Figures 7, 8 and 9 show an embodiment of the invention applied to a cellular telephone network. The purpose of this embodiment is provide biometrically secure communications of voice audio and other data over cellular telephones.

Figure 7 shows an Identity Server database 700 on a cellular telephone network. The purpose of Identity Server is to provide confirmation of the identity of cellular telephone users, in place of cross-enrollment procedure shown in Figure 2. The Identity Server has several databases, including names and numbers of users 710, public keys of users 720 and enrolled fingerprint feature sets (or other biometric information) of users 730. The Identity Server is connected to cellular telephone users via the standard radio frequency links 740. The Identity Server may also connected with users, other servers, and other information services via any other available electronic communications links 750 such as cable, fiber optic and/or microwave relays.

Figure 8 shows the algorithm flow chart for registering a single cellular telephone of User A on the Identity Server of a cellular network (for example, at the time of purchase).

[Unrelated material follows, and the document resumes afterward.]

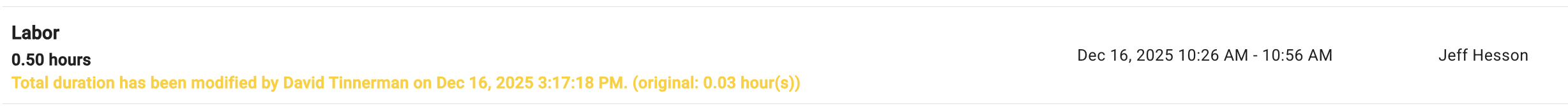 - NOTE: If a labor or travel entry is modified after it has been received by HQ (i.e. technician or office staff), a note in will be shown below the entry. This will indicate the date and time in which the data was modified, by whom, and the original value.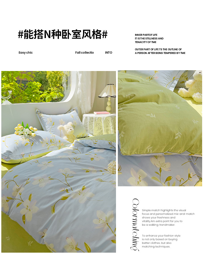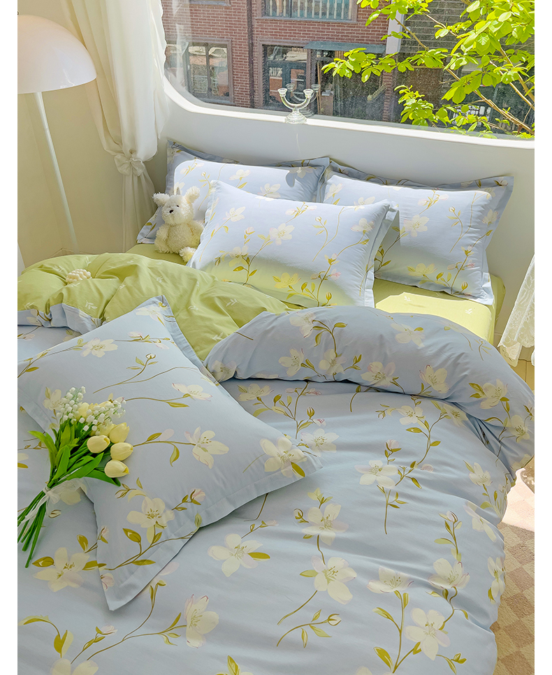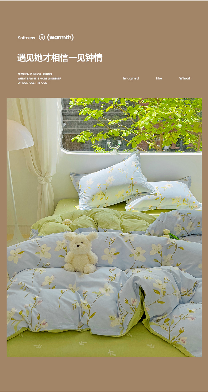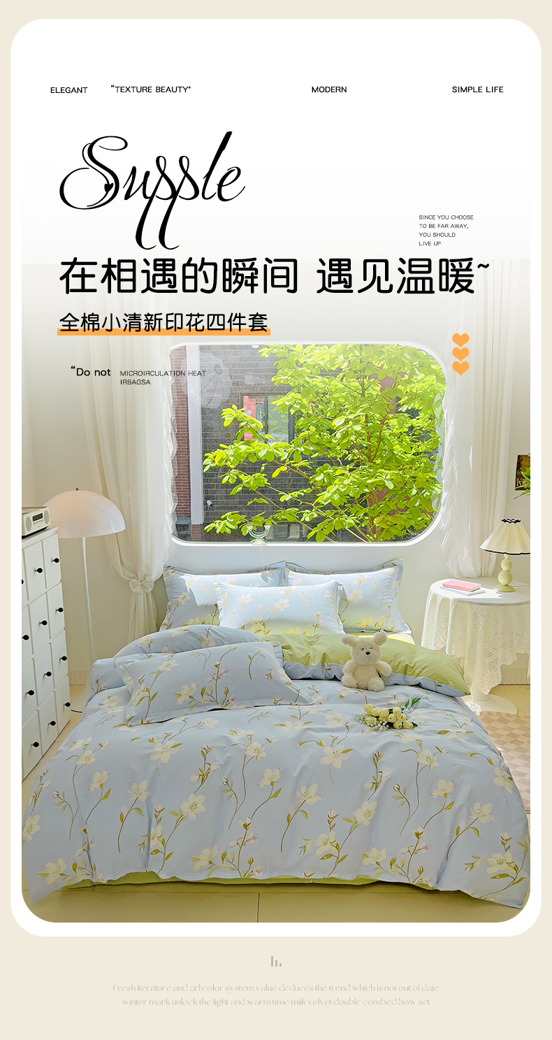 暖芯优选 204新款直播爆款全棉-ins印花系列四件套纯棉三件套床单床笠 仲夏

The process starts (step 800) by installing the name and number of User A on the telephone; the cellular telephone then automatically generates the PKI public and private keys (or any other asymmetric public/private key pair system) of User A (by well known mathematical processes). [Alternatively the PKI public and private keys of User A may be generated elsewhere downloaded onto the cellular telephone; alternatively the PKI public and private keys of User A may be stored on a 'smart card' or other external storage device which can be connected to the cellular telephone.] User A then presents one or more fingerprints (or other biometric) and an enrolled FP (fingerprint) feature set(s) of User A is then automatically generated (step 810). A call is then placed (step 820) to the Identity Server and the PKI public key and the public signature key (used later to verify that messages originate from the Identity Server) of the Identity Server are received and stored in the nonvolatile memory of the cellular telephone; the private key of User A is also stored in nonvolatile memory. The enrolled FP feature set(s) of User A are then encrypted with the PKI public key of the Identity Server (step 830). The cellular telephone of User A then transmits to the Identity Server (step 840) the name and number of User A, the PKI public key of User A and the encrypted enrolled FP feature set of User A; the Identity Server then stores this information about User A in the appropriate databases. Finally, the unencrypted and encrypted feature sets of User A, and the PKI public key of User A are then deleted (step 850) from the memory of the cellular telephone of User A, leaving no biometric information in the memory of the cellular telephone.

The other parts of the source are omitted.